The build-up of fixtures in such a short period disproportionately favours the wealthier clubs with deeper squads

The risk this represents for players is huge, with injuries inevitable. The build-up of fixtures in such a short period disproportionately favours the wealthier clubs with deeper squads, further dividing an already unbalanced league. Although it would be incorrect to place England’s failings at major tournaments exclusively on the shoulders of an absence of a Winter Break, it’s certainly a factor. The effect of a couple of weeks of rest and recuperation in a friendlier climate breaking up a long season are keenly felt come June.

Like in so many aspects of football, the arrogant English way with regards to winter football is met with amused bafflement on the continent, with its effects felt in European club football too. Between their last game against RB Leipzig on 21 December and their Champions League tie against Arsenal in February, Bayern Munich will play just four games. In the same period, the Gunners will face nine. At a clear disadvantage, this may go some way to explaining why so many English teams have found themselves falling at the first knockout round in recent years.

Maybe, just maybe, we could watch some sport other than football in late December

Boxing Day is great fun, but the rest of the regular travelling on dark, cold nights isn’t ideal for fans. Plus, there is plenty of room for a break in the week before and/or 10 days after Boxing Day. Premier League clubs may indeed use such a break to cash in with a glamorous friendly, but the intensity required would be far less than the current situation. So, it’s time that England caught up with the rest of Europe, and maybe, just maybe, we could watch some sport other than football in late December.

Alfie Watson-Brown says NO

Wednesday 14 December 2016: the traditional, albeit clichéd ‘cold, wet night in Stoke’ ends with the whistle blowing on a painstakingly dull 0-0. The Southampton fans begin their arduous trip back down south with nothing to motivate them but the promise of getting to watch Virgil van Dijk in Saints colours for a little longer, before he ultimately does what any good Southampton player does and moves on to bigger things.
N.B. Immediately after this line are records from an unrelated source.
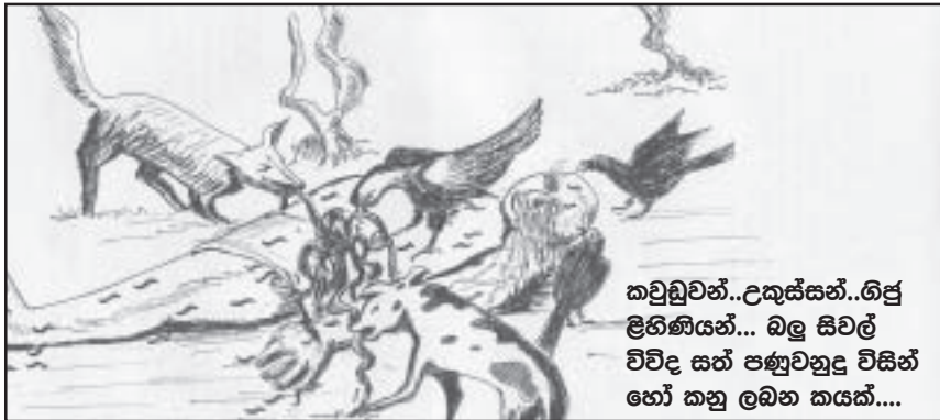
කවුඩුවන්..උකුස්සන්..ගිජු ලිහිණියන්... බල සිවල් විවිද සත් පණුවනුද විසින් හෝ කනු ලබන කයක්....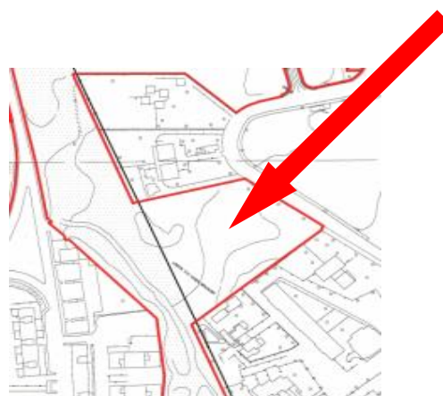
Area da ripristinare Punto 2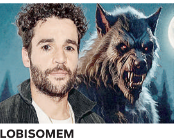
LOBISOMEM Terror, 16 anos, Duração: 103 minutos

During the Christmas/New Year period fans are bombarded with the best gift of all: Premier League a plenty

Now, while this borderline torture may be a poor example, football is primarily a source of entertainment and although it doesn’t always appear so, the game is about the fans. Without football, millions of people would be stuck for entertainment, being forced to watch daytime reality television, or even cricket. Thankfully, this crickety dystopia doesn’t have to be realised and football is on show for the majority of the year. However, it’s during the Christmas/New Year period that fans are bombarded with the best gift of all: Premier League a plenty.
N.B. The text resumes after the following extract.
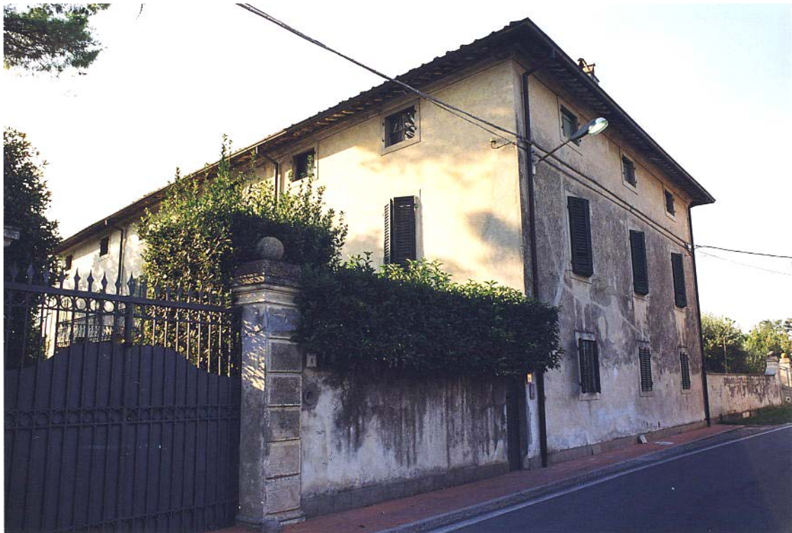
documentazione fotografica al settembre 1999

The so-called best league in the world reigns, completely uninterrupted by Messi and co. As squad depth is pushed to its limits, professional athletes like Eden Hazard and Gareth McAuley get to prove why they earn what they earn. In recent years this wonderful occasion has come under attack as one of the key reasons for England’s ‘Groundhog Day’ style performances at major tournaments, leading many to argue that the Premier League should follow its competitors in taking a winter break. While top pundits like Garth Crooks and Michael Owen toss around phrases like “burnout” and “that would’ve been a goal had it gone inside the post”, fans shudder at the thought that Wayne Rooney might not actually be to blame for this year’s failures, forgetting that six of France’s starting XI in the Euro 2016 final were Premier League regulars.

True Premier League fans mustn’t lose sight of what’s important

As English international football looks for a scapegoat to blame for lack of commitment, passion and occasionally talent, true Premier League fans mustn’t lose sight of what’s important: having something to watch that isn’t cricket.